Department of Mechatronics Engineering, Sakarya University of Applied Sciences, Esentepe Campus, Serdivan, Sakarya, Turkey.
Department of Electrical and Electronics Engineering, Sakarya University of Applied Sciences, Esentepe Campus, Serdivan, Sakarya, Turkey.
Biomed Tech (Berl). 2020 Oct 19;66(2):153-158. doi: 10.1515/bmt-2020-0082. Print 2021 Apr 27.
Earlier studies showed that external focusing enhances motor performance and reduces muscular activity compare to internal one. However, low activity is not always desired especially in case of Human-Machine Interface applications. This study is based on investigating the effects of attentional focusing preferences on EMG based control systems. For the EMG measurements via biceps brachii muscles, 35 subjects were asked to perform weight-lifting under control, external and internal focus conditions. The difference between external and internal focusing was found to be significant and internal focus enabled higher EMG activity. Besides, six statistical features, namely, RMS, maximum, minimum, mean, standard deviation, and variance were extracted from both time and frequency domains to be used as inputs for Artificial Neural Network classifiers. The results found to be 87.54% for ANN1 and 82.69% for ANN2, respectively. These findings showed that one's focus of attention would be predicted during the performance and unlike the literature, internal focusing could be also useful when it is used as an input for HMI studies. Therefore, attentional focusing might be an important strategy not only for performance improvement to human movement but also for advancing the study of EMG-based control mechanisms.

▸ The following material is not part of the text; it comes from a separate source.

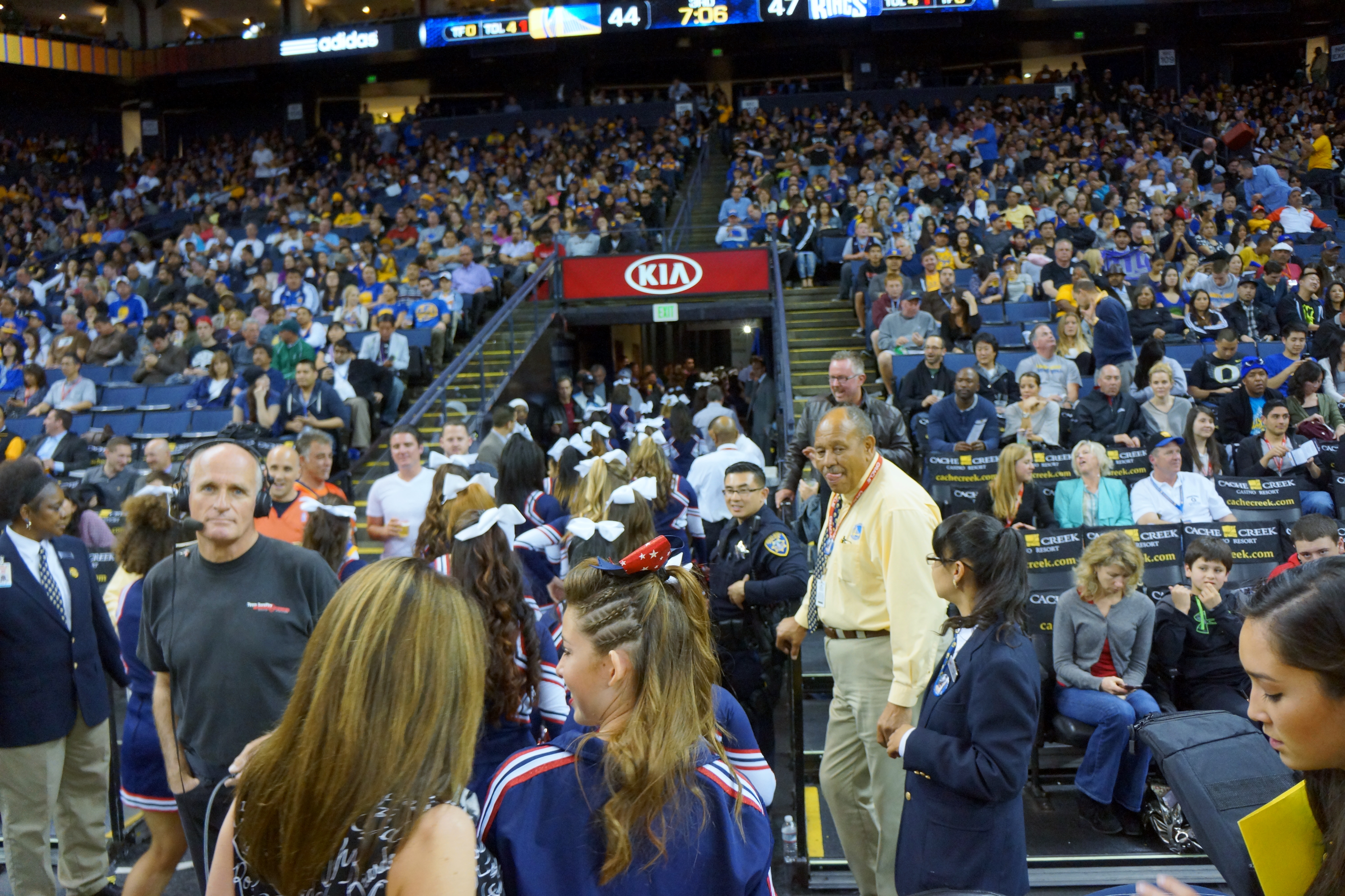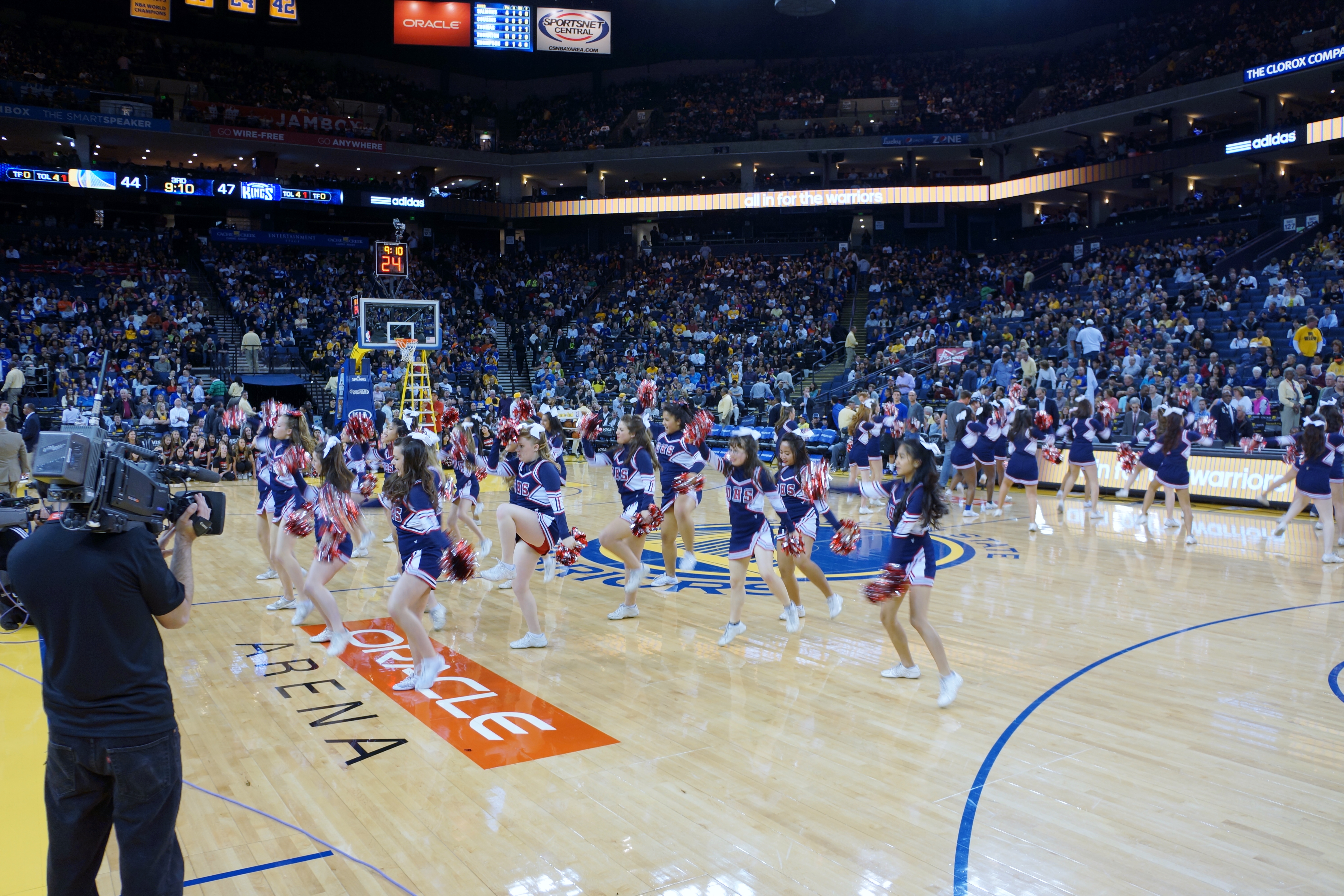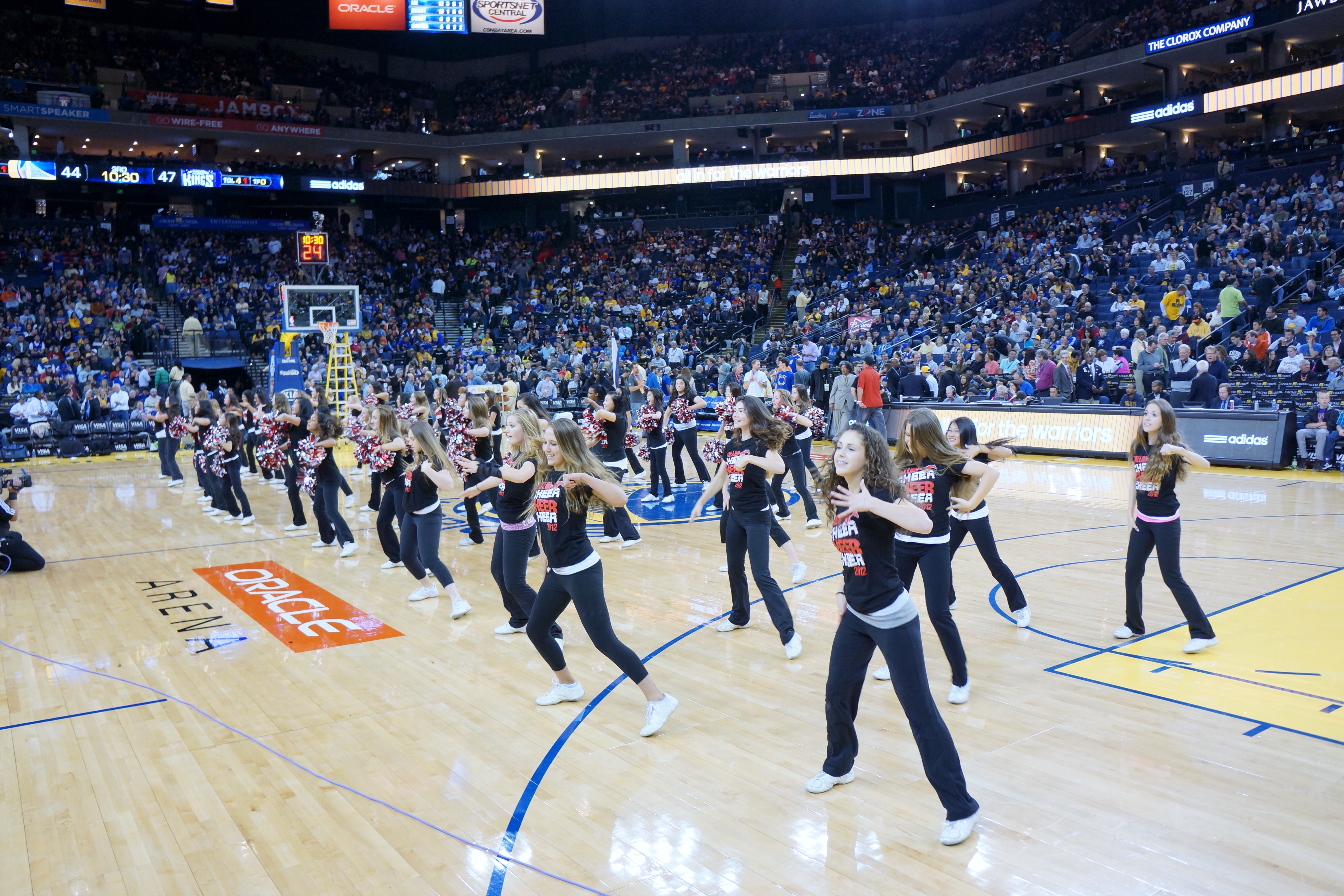 For the third year in a row, Fallon Middle School and Dublin High School took center stage in the Oracle Arena during the Golden State Warriors half time show. They were cheered on by a sold out crowd of Warriors basketball fans and hundreds of Dublin residents who took a Wednesday night road trip to cheer on the teams. The Cheer programs in Dublin schools have expanded dramatically in recent years, due in part to the inclusive policy put in place by Dublin High School Cheer Coach Kristine Cousins (who started her Dublin Cheer career at Fallon Middle School). The Cheer program is split into multiple Spirit Teams and the selective Competitive Cheer Teams. All Cheer participants have to maintain academic standing and follow a code of conduct to participate and compete.

早期的研究表明,与内部聚焦相比,外部聚焦可以提高运动表现并减少肌肉活动。然而,在人机界面应用等情况下,低活动并不总是可取的。本研究基于研究注意焦点偏好对基于肌电图的控制系统的影响。对于肱二头肌的肌电图测量,要求 35 名受试者在控制、外部和内部焦点条件下进行举重。发现外部和内部焦点之间存在显著差异,内部焦点可实现更高的肌电图活动。此外,从时域和频域中提取了六个统计特征,即均方根值、最大值、最小值、平均值、标准差和方差,作为人工神经网络分类器的输入。结果对于 ANN1 为 87.54%,对于 ANN2 为 82.69%。这些发现表明,在执行过程中可以预测一个人的注意力焦点,与文献不同的是,当将内部焦点用作人机界面研究的输入时,它也可能是有用的。因此,注意力焦点不仅可能是提高人类运动表现的重要策略,而且可能是推进基于肌电图的控制机制研究的重要策略。